Here's a sample of errors in coordinator's server.log:
2013-11-13T00:01:25.041+0900 ERROR Stage-20131112_145914_00181_pzfe3.1-21869 com.facebook.presto.execution.SqlStageExecution Error while starting stage 20131112_145914_00181_pzfe3.1
java.lang.IllegalStateException: No nodes available to run query
at com.google.common.base.Preconditions.checkState(Preconditions.java:150) ~[guava-15.0.jar:na]

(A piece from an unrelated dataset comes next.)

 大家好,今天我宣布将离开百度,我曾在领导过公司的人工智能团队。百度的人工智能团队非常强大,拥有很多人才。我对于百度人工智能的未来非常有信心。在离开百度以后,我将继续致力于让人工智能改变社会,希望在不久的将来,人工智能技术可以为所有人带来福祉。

at com.facebook.presto.execution.NodeScheduler$NodeSelector.selectNode(NodeScheduler.java:166) ~[presto-main-0.52.jar:0.52]

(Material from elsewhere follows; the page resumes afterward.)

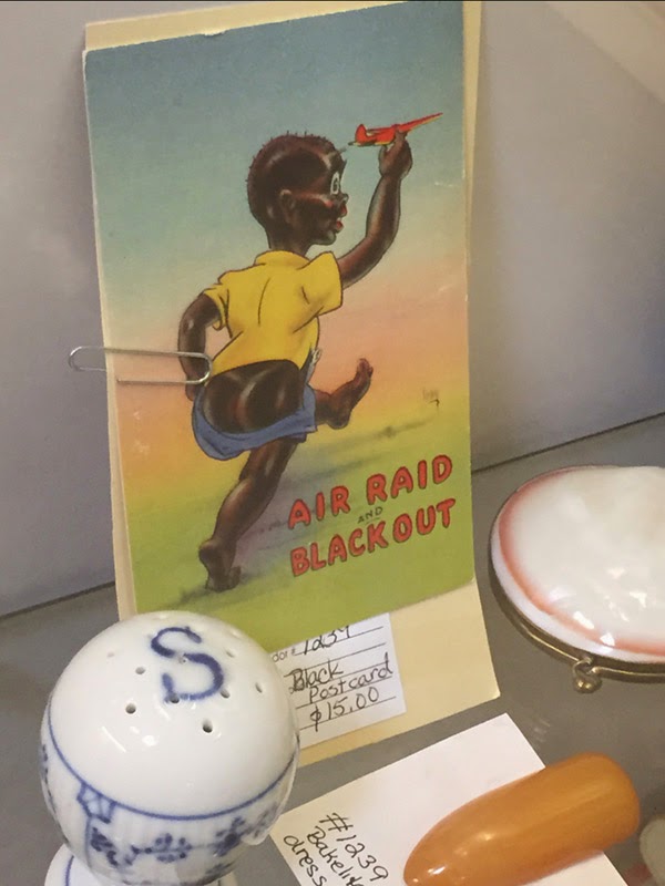 I don’t know what this is. There may be an old meaning I’m not getting, but I don’t understand why he’s half naked (what is up with all these half-naked kids in antique malls?) or what the poster means. In my “modern” eyes, this just looks kinda racist. Especially considering the employee wrote “Black Postcard” as the description……

at com.facebook.presto.execution.SqlStageExecution.chooseNode(SqlStageExecution.java:531) [presto-main-0.52.jar:0.52]
at com.facebook.presto.execution.SqlStageExecution.startTasks(SqlStageExecution.java:467) [presto-main-0.52.jar:0.52]
at com.facebook.presto.execution.SqlStageExecution.access$300(SqlStageExecution.java:80) [presto-main-0.52.jar:0.52]
at com.facebook.presto.execution.SqlStageExecution$5.run(SqlStageExecution.java:435) [presto-main-0.52.jar:0.52]
at java.util.concurrent.Executors$RunnableAdapter.call(Executors.java:471) [na:1.7.0_45]
at java.util.concurrent.FutureTask.run(FutureTask.java:262) [na:1.7.0_45]
at java.util.concurrent.ThreadPoolExecutor.runWorker(ThreadPoolExecutor.java:1145) [na:1.7.0_45]
at java.util.concurrent.ThreadPoolExecutor$Worker.run(ThreadPoolExecutor.java:615) [na:1.7.0_45]
at java.lang.Thread.run(Thread.java:744) [na:1.7.0_45]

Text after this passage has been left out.